TASK DIRECTIONS: Every record below is to be retyped exactly, with the pictures left out.

SUPPLIED ENTRIES:
----
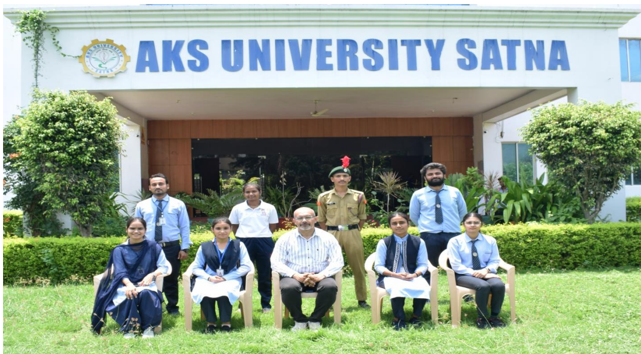
Environment & Sustainability Committee
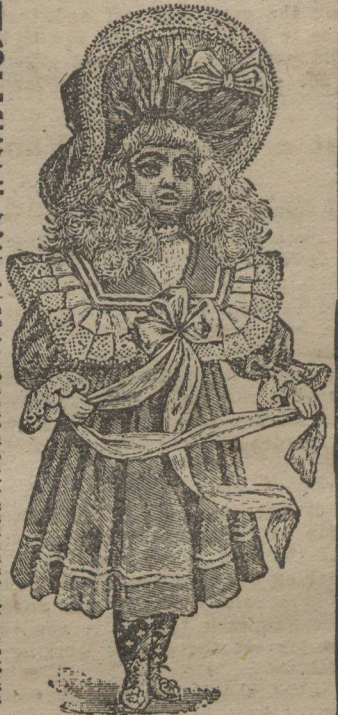
Alice in Wonderland

Remember, you will receive the two dolls , Cinderella and Alice in Wonderland, for disposing of only sixteen collars at 15c each. The Home Art Co., Dept. 433 Toronto.
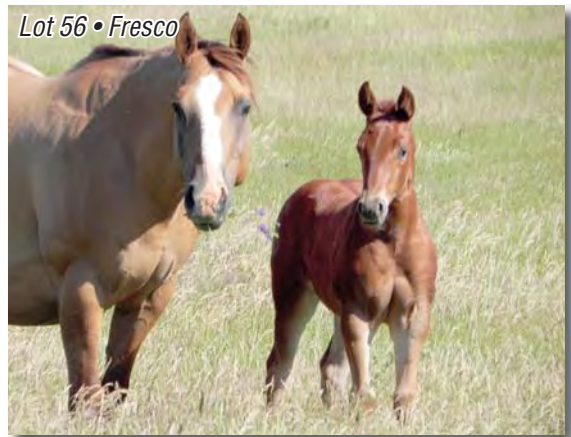
Lot 56 • Fresco
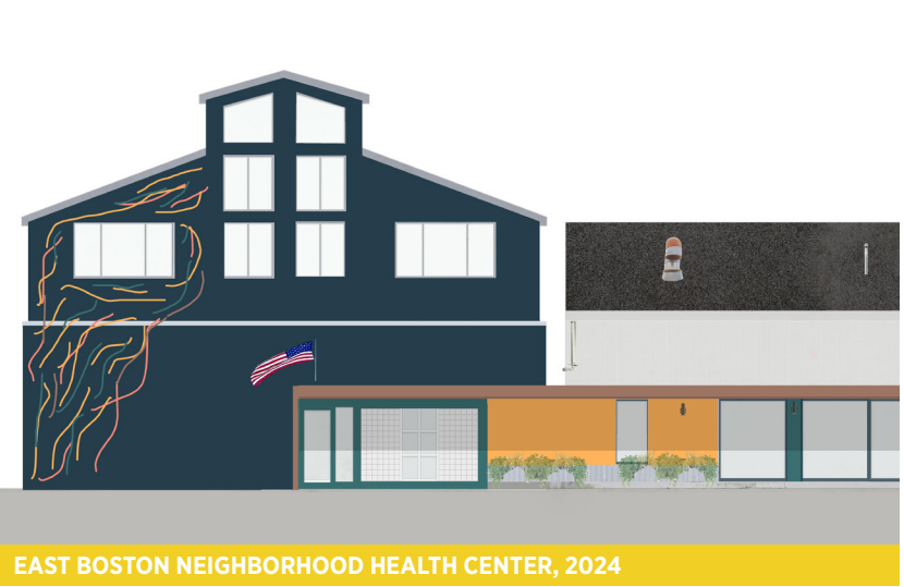
EAST BOSTON NEIGHBORHOOD HEALTH CENTER, 2024
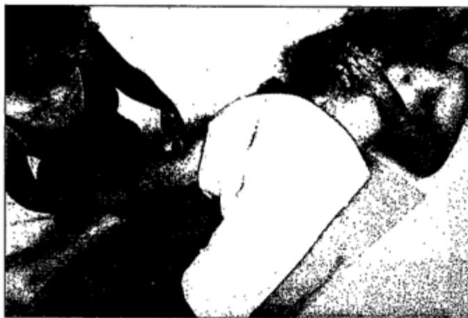
Figure 19-2: Sensually draping your partner's limbs over your body adds to the experience.

When you're massaging your partner's limbs, let the entire leg or arm rest across your body. This creates a sensation of support and intimacy, especially when you combine it with light, lacy moves with your fingertips on the inner thigh area, as shown in Figure 19-2. Ooh la la!
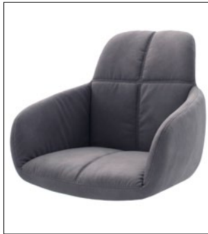
TESE13 .. Finish E W/H/D approx. 62/60/65 cm PU: 2
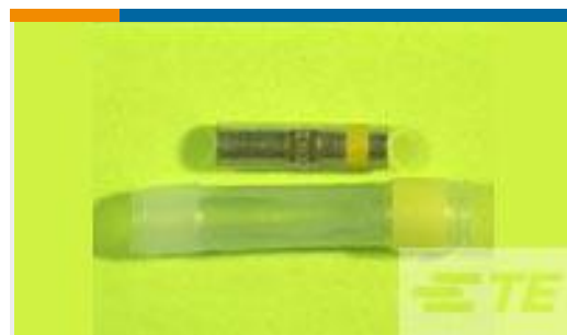
TE Part #650098-000 D-436-75
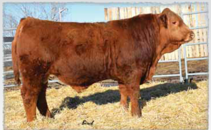
Lot 24 - SA Birch's Premium 162A
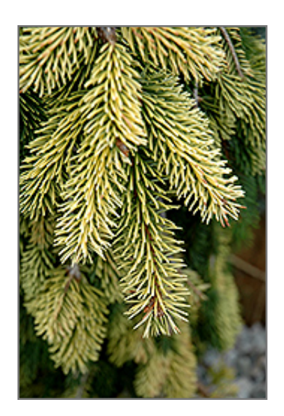
Gold Drift Norway Spruce foliage
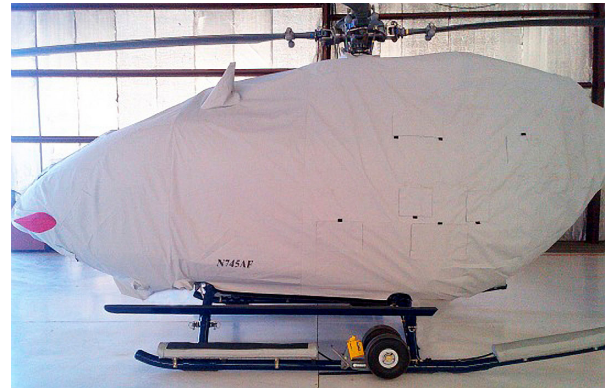
Eurocopter EC-145 Main Body Cover, also covers the bottom belly
----
EXPECTED ANSWER:
Environment & Sustainability Committee
Alice in Wonderland

Remember, you will receive the two dolls , Cinderella and Alice in Wonderland, for disposing of only sixteen collars at 15c each. The Home Art Co., Dept. 433 Toronto.
Lot 56 • Fresco
EAST BOSTON NEIGHBORHOOD HEALTH CENTER, 2024
Figure 19-2: Sensually draping your partner's limbs over your body adds to the experience.

When you're massaging your partner's limbs, let the entire leg or arm rest across your body. This creates a sensation of support and intimacy, especially when you combine it with light, lacy moves with your fingertips on the inner thigh area, as shown in Figure 19-2. Ooh la la!
TESE13 .. Finish E W/H/D approx. 62/60/65 cm PU: 2
TE Part #650098-000 D-436-75
Lot 24 - SA Birch's Premium 162A
Gold Drift Norway Spruce foliage
Eurocopter EC-145 Main Body Cover, also covers the bottom belly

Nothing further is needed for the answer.